--- Data in this exercise ---
■ ■ ■ ■ ■

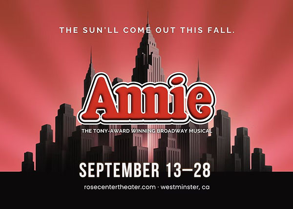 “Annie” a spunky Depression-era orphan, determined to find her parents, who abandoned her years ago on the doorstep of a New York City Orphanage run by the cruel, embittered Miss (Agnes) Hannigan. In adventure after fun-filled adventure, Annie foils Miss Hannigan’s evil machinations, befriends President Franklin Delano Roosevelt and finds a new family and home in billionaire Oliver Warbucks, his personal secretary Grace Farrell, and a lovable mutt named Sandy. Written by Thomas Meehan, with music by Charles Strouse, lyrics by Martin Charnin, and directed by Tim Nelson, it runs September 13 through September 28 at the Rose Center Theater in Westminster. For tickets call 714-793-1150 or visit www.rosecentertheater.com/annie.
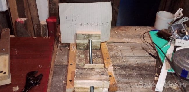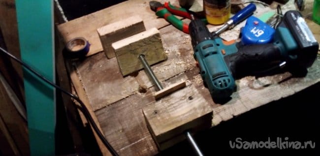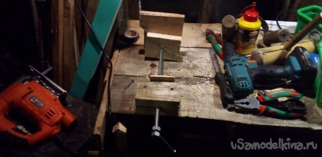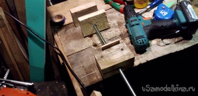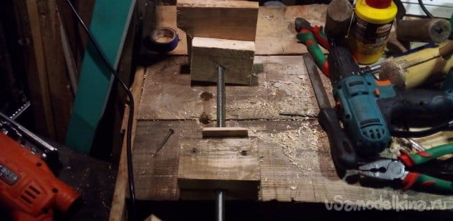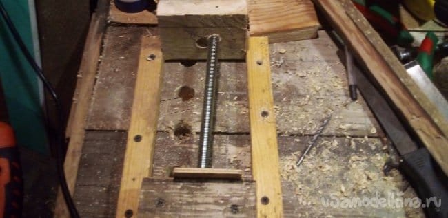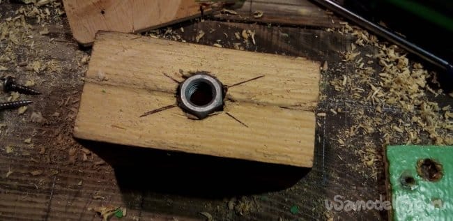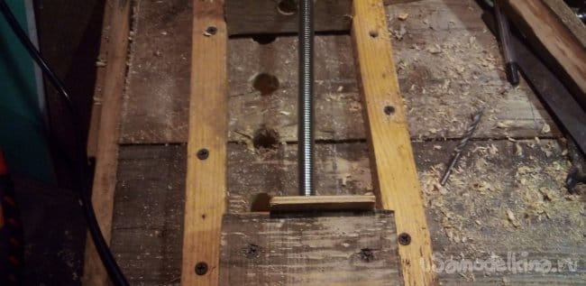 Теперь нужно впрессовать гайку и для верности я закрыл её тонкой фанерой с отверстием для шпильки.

■ ■ ■ ■ ■

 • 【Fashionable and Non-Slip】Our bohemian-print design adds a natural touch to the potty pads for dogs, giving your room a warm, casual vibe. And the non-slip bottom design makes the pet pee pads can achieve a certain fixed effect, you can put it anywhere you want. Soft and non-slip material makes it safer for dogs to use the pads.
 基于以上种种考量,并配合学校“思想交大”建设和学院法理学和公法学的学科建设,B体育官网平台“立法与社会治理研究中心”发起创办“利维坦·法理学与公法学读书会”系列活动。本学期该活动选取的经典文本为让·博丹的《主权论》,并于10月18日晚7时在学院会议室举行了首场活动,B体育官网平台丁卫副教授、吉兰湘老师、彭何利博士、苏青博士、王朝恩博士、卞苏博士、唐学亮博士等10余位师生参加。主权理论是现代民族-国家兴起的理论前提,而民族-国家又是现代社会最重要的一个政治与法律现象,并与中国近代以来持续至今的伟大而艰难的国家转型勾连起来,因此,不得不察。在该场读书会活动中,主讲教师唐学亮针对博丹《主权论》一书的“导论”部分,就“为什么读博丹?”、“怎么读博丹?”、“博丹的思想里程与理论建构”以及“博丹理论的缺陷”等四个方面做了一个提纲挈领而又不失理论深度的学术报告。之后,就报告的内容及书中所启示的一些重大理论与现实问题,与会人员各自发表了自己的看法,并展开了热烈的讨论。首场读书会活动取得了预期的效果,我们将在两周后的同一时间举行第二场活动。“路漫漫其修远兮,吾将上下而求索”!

■ ■ ■ ■ ■

--- Goal of the exercise ---
Using the material above, transcribe exactly the lines from the one holding "or visit www.rosecentertheater.com/annie." to the one holding "Теперь нужно впрессовать", both ends kept. Do not carry over any pictures.

--- Result ---
 “Annie” a spunky Depression-era orphan, determined to find her parents, who abandoned her years ago on the doorstep of a New York City Orphanage run by the cruel, embittered Miss (Agnes) Hannigan. In adventure after fun-filled adventure, Annie foils Miss Hannigan’s evil machinations, befriends President Franklin Delano Roosevelt and finds a new family and home in billionaire Oliver Warbucks, his personal secretary Grace Farrell, and a lovable mutt named Sandy. Written by Thomas Meehan, with music by Charles Strouse, lyrics by Martin Charnin, and directed by Tim Nelson, it runs September 13 through September 28 at the Rose Center Theater in Westminster. For tickets call 714-793-1150 or visit www.rosecentertheater.com/annie.
 Теперь нужно впрессовать гайку и для верности я закрыл её тонкой фанерой с отверстием для шпильки.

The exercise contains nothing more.